WHAT THE TASK REQUIRES:
Output the whole listing exactly, except for the pictures in it.

PROVIDED MATERIAL:

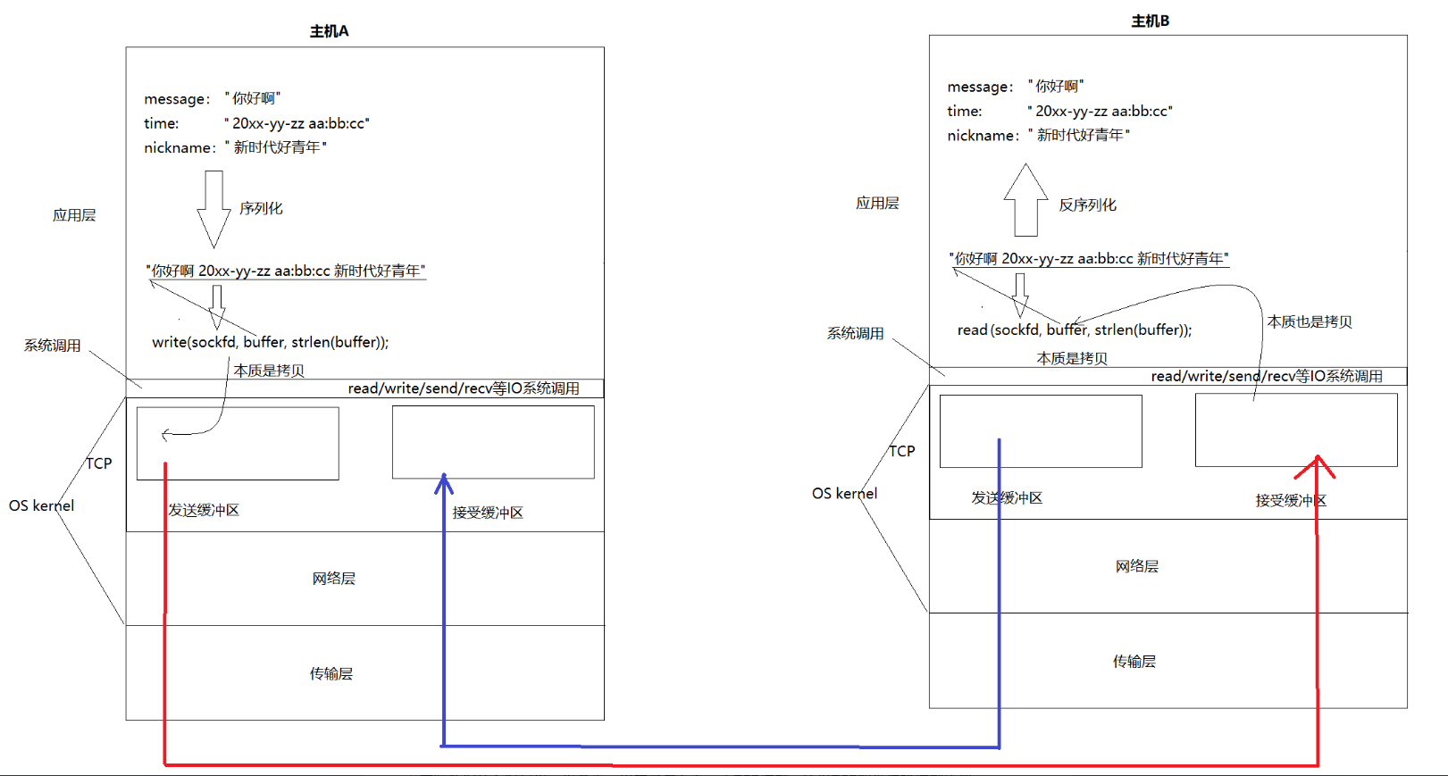 答案就是拷贝,这里我们就要输出第三个结论了:主机间通信的本质就是把发送方发送缓冲区内部的数据,拷贝到接收方的接收缓冲区中,一样是拷贝。
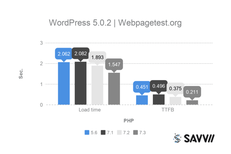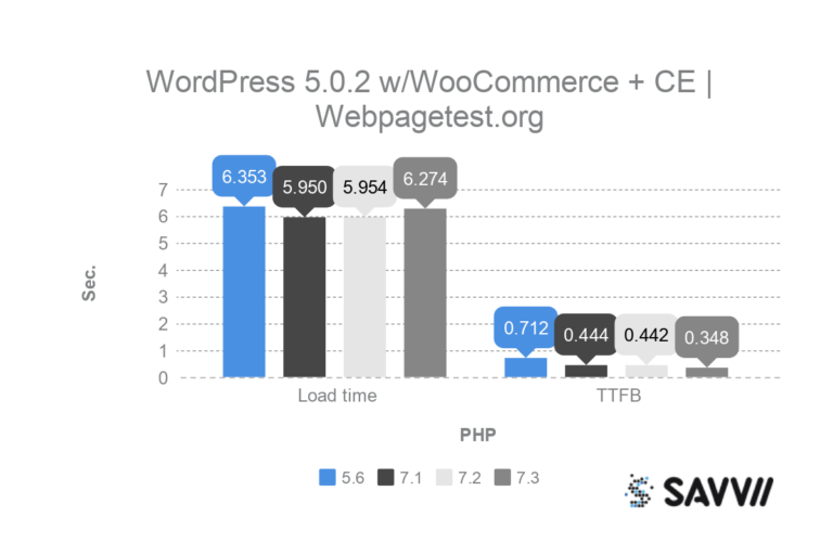 Het lijkt erop dat de WooCommerce plugin goed reageert op PHP 7.1. Met name de laadtijd van de pagina is goed wanneer PHP 7.1 gebruikt wordt. Kijken we naar TTFB en response tijd, dan is PHP 7.3 bij beide tests het snelst.
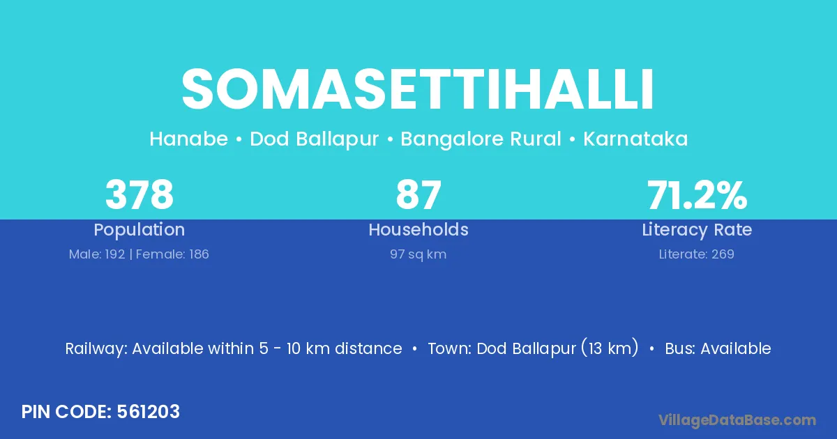Dod Ballapur (13 km) is the nearest town to Somasettihalli village for major economic activities and is located approximately 13 km away.

WRITTEN SOLUTION:
 答案就是拷贝,这里我们就要输出第三个结论了:主机间通信的本质就是把发送方发送缓冲区内部的数据,拷贝到接收方的接收缓冲区中,一样是拷贝。
 Het lijkt erop dat de WooCommerce plugin goed reageert op PHP 7.1. Met name de laadtijd van de pagina is goed wanneer PHP 7.1 gebruikt wordt. Kijken we naar TTFB en response tijd, dan is PHP 7.3 bij beide tests het snelst.
Dod Ballapur (13 km) is the nearest town to Somasettihalli village for major economic activities and is located approximately 13 km away.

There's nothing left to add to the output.